PROMPT:
Starting at the first line of the listing below, repeat each line up to and including the one containing "HOT ! Chic Gold". Leave out pictures.

THE DATA:

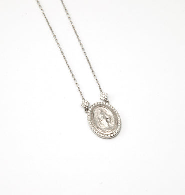 Colar oval nossa senhora das graças em prata com banho de ródio e Moissanite em volta
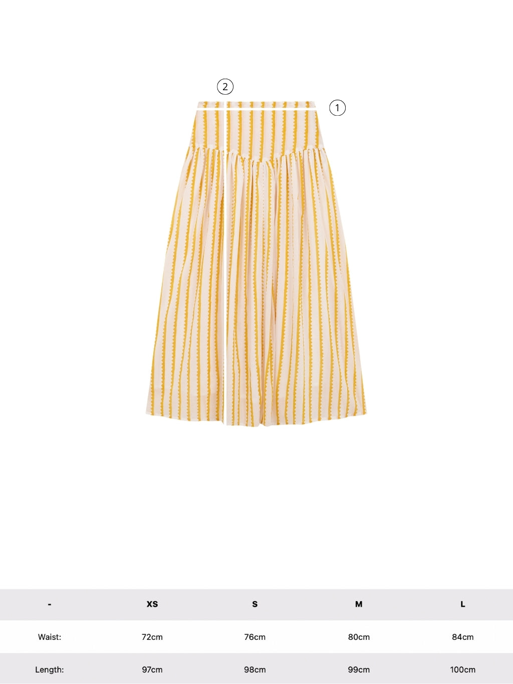 Falda midi de talle alto con estampado de rayas y forro ligero de algodón. Cierre con cremallera lateral.
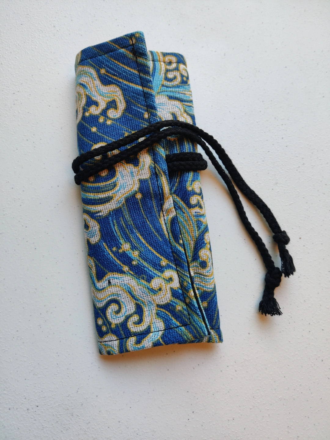 brand new - Classic and portable cloth pen holder. Features a blue ocean wave design. Holds twelve pencils or other writing utensils. Drawstring closure. Great for artists and students.
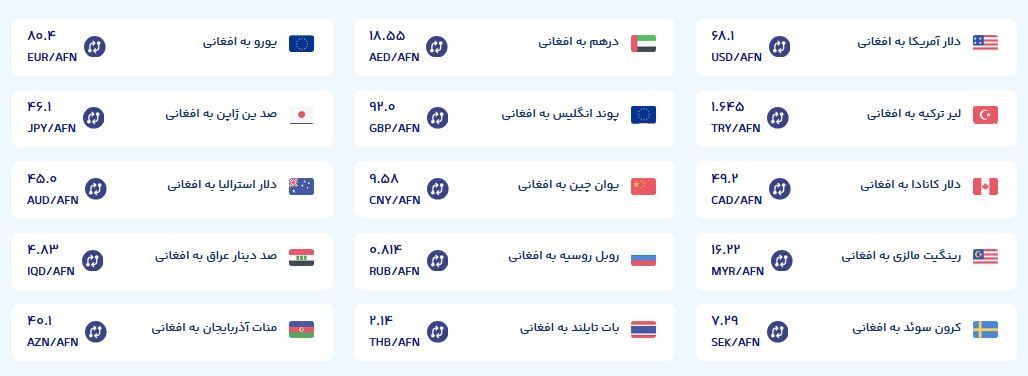 نرخ تبدیل ارز‌های مختلف به افغانی چنده؟
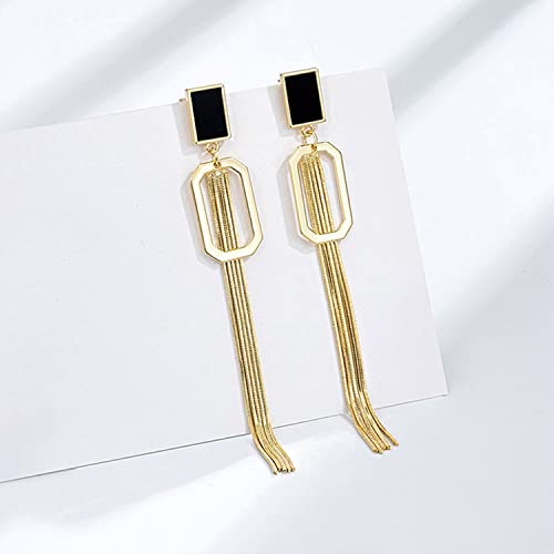 HOT ! Chic Gold Long Tassel Dangle Drop Earrings Unique Fashion Geometric Black Square Metal Chain Earrings Statement Jewelry for Woman Girls
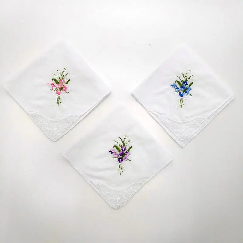 Отзывы о 3 шт./компл. женский базовый белый квадратный носовой платок с цветочной вышивкой
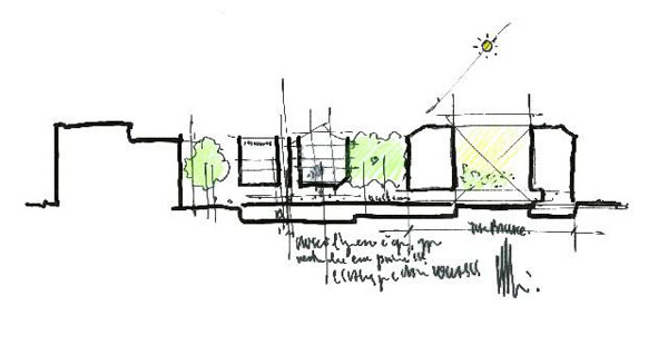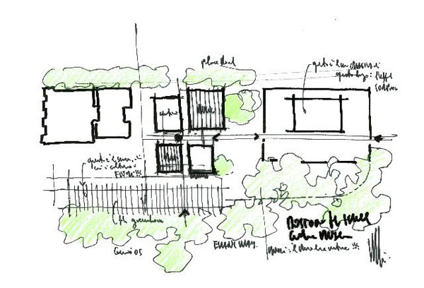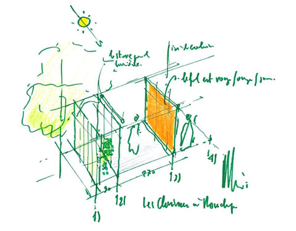 在构思一项设计时,我会采取的方式是:到项目地走走、倾听、素描,而最出人意料的,应是拉开距离。之后和许多同行的做法一样,会和员工一同合作。当我展开一项新工作时,会双手插在口袋,在项目地周围走上好一段时间,就只是四处走走。这么做就能感受到发生什么事,不用管理论或做错事的风险。我会去项目地一、两次,然后回来,开始思考,但还不画图。我等待,之后开始酝酿想法,也乐在其中。
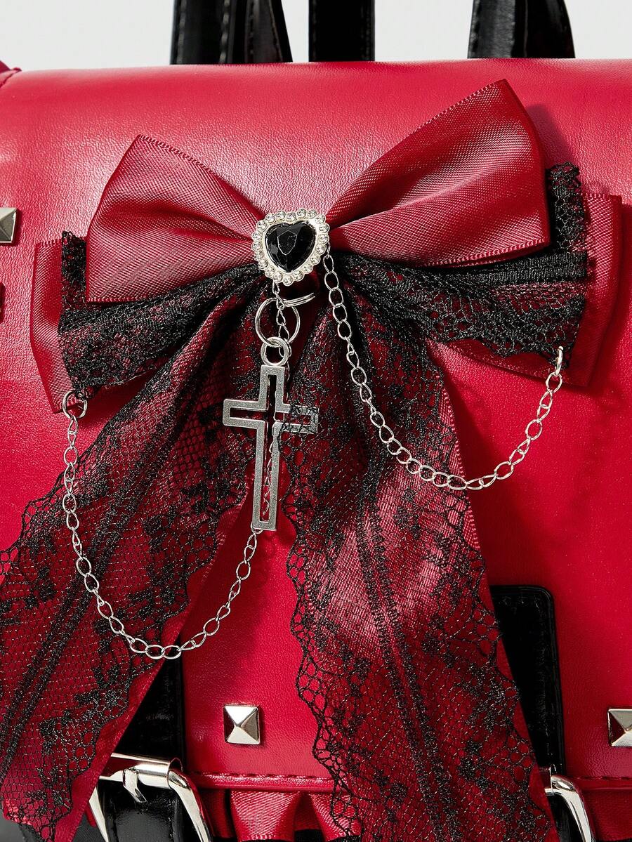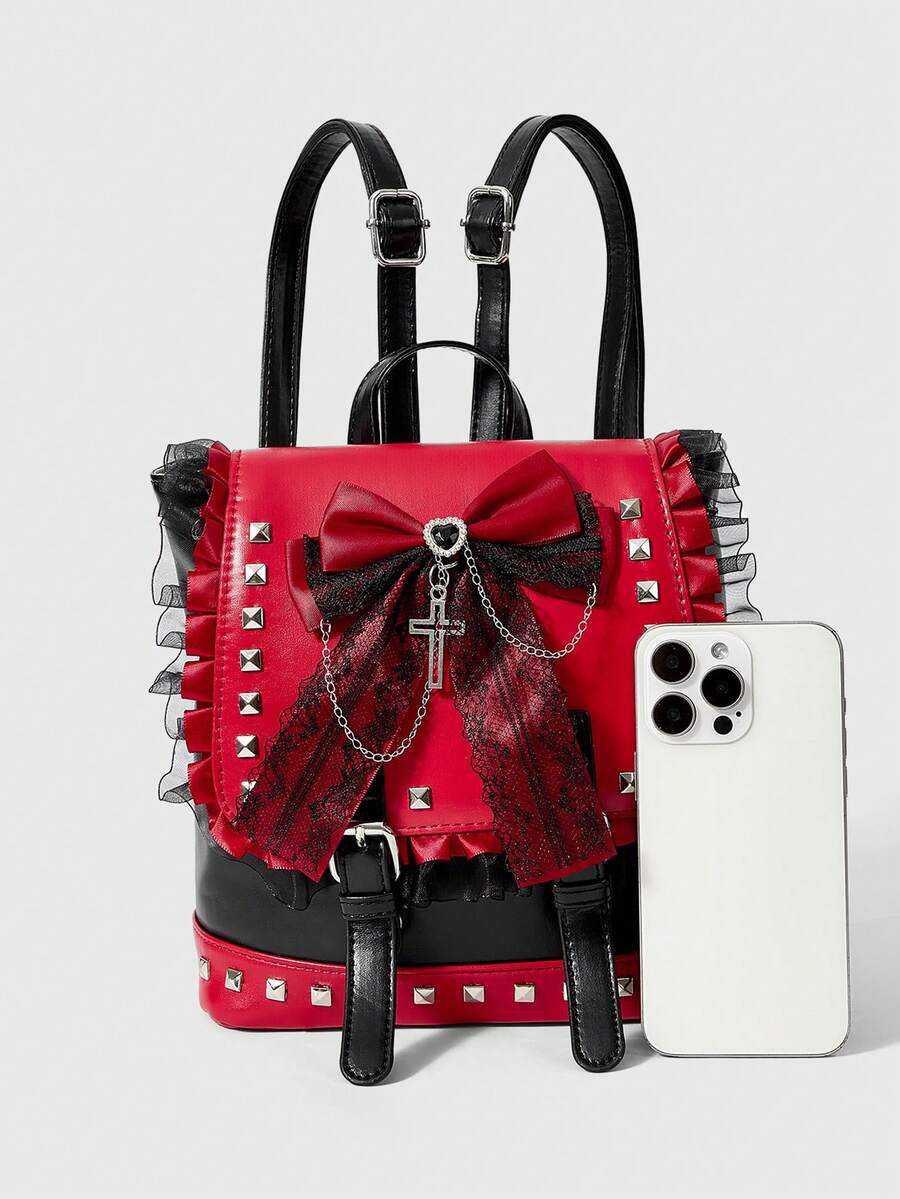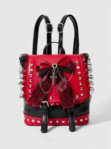 Goth Women's Punk Style Fashion Backpack With Bow Rivet Decor
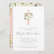 Blush Pink Cross and White Flowers | Girl Baptism Invitation
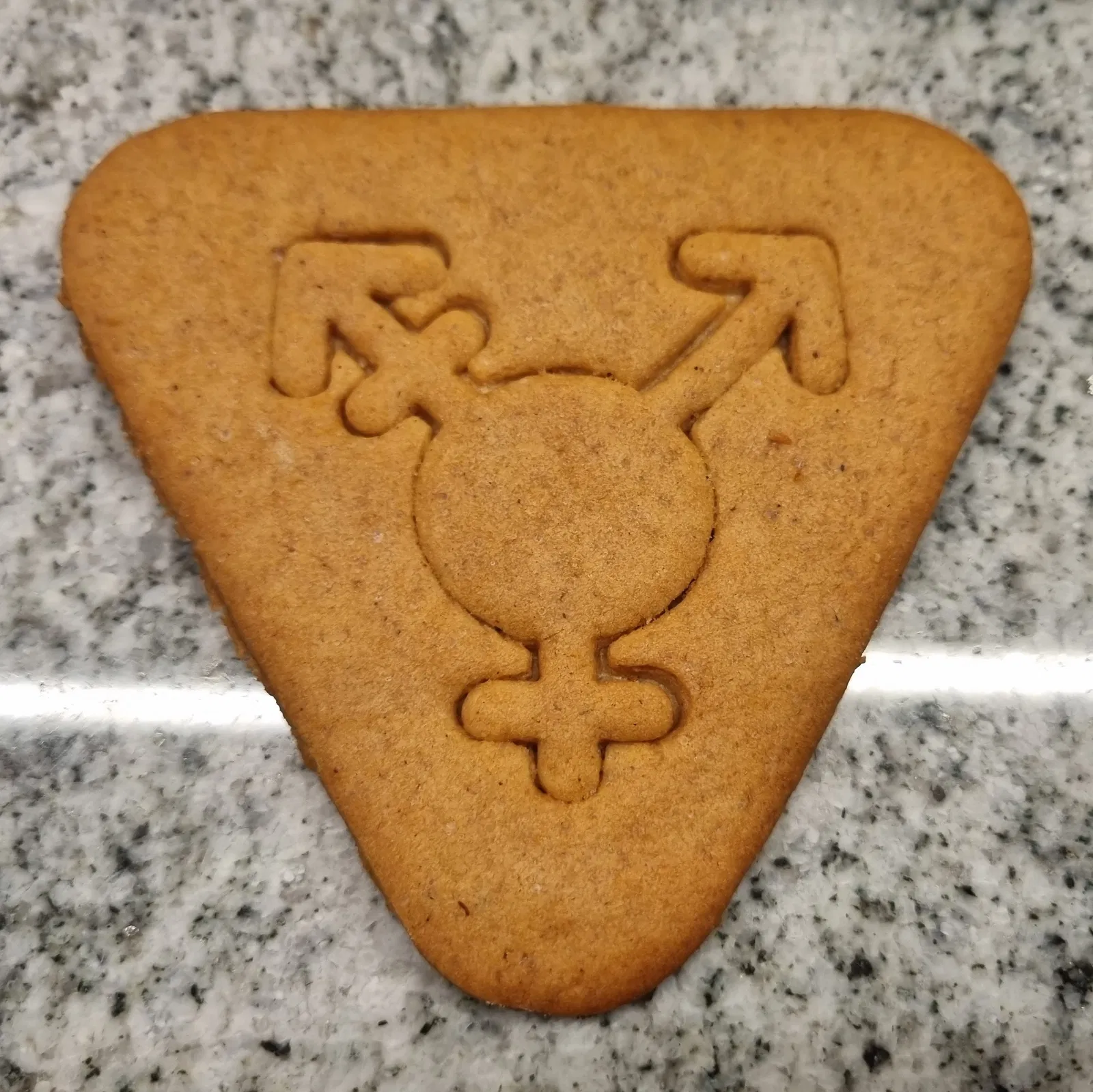 Khuôn cắt bánh quy cơ bản có biểu tượng người chuyển giới. Có hai phiên bản. Một phiên bản cắt hoàn toàn biểu tượng bên trong và một phiên bản chỉ tạo hình biểu tượng dưới dạng phù điêu (nông). Bánh gừng trong ảnh được làm bằng khuôn cắt hết và phần bên trong được giữ lại trong quá trình nướng.
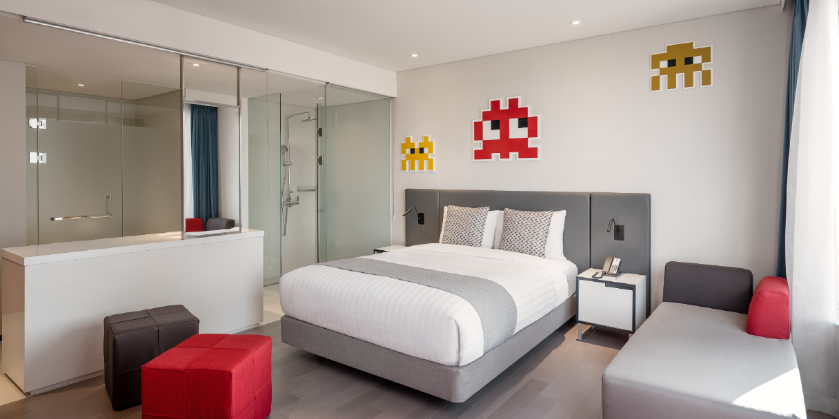 보다 넓은 크기의 주니어 스위트 더블룸에서는 심플하면서, 소통이 있고, 품격과 유쾌함이 있는 브랜드의 핵심 가치를 즐길 수 있습니다. 모듈식의 실용적인 가구와 사무용 공간, LED TV, 초고속 무료 인터넷(wifi)을 갖추어 다양한 여행목적에 최적화 되어있습니다.
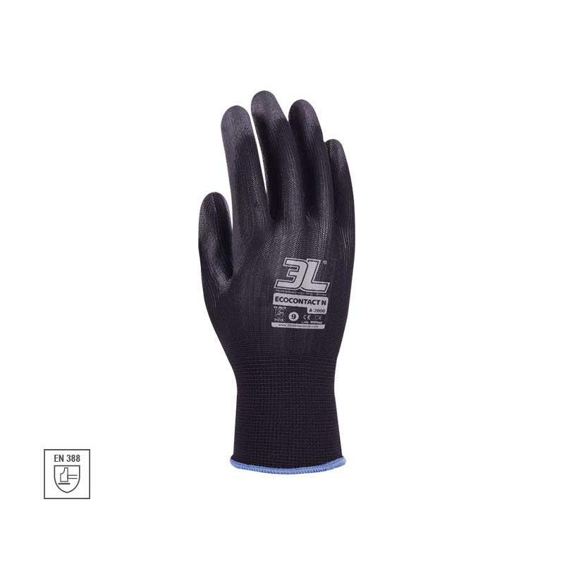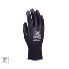Guantes de seguridad mecánicos, fabricados con soporte de nylon sin costuras, con recubrimiento de poliuretano en base acuosa. Parcialmente descubierto en el dorso para una buena ventilación. Excelente desteridad, sensibilidad y agarre en seco y húmedo. Protección frente a riesgos mecánicos: EN388 4132X. Gran resistencia a la abrasión; Nivel 4. Corte por cuchilla: Nivel 1. Desgarro: Nivel 3. Perforación: Nivel 2. Corte EN ISO 13997: X. Protección frente a riesgos térmicos: EN407 X1XXXX. Inflamabilidad: Nivel X. Calor de contacto: Nivel 1. Calor convectivo: Nivel X. Calor radiante: Nivel X. Pequeñas salpicaduras de metal fundido: Nivel X. Grandes masas de metal fundido: Nivel X. Apto para todo tipo de aplicaciones donde se requiere un alto nivel de sensibilidad y desteridad sin riesgo de corte. Manejo de pequeñas piezas y componentes, ensamblado en general, micro ingeniería, instrumentación y elementos de precisión. Manipulación de alimentos. Categoría CE: Cat II.

OUTPUT OF THE EXERCISE:
 Colar oval nossa senhora das graças em prata com banho de ródio e Moissanite em volta
 Falda midi de talle alto con estampado de rayas y forro ligero de algodón. Cierre con cremallera lateral.
 brand new - Classic and portable cloth pen holder. Features a blue ocean wave design. Holds twelve pencils or other writing utensils. Drawstring closure. Great for artists and students.
 نرخ تبدیل ارز‌های مختلف به افغانی چنده؟
 HOT ! Chic Gold Long Tassel Dangle Drop Earrings Unique Fashion Geometric Black Square Metal Chain Earrings Statement Jewelry for Woman Girls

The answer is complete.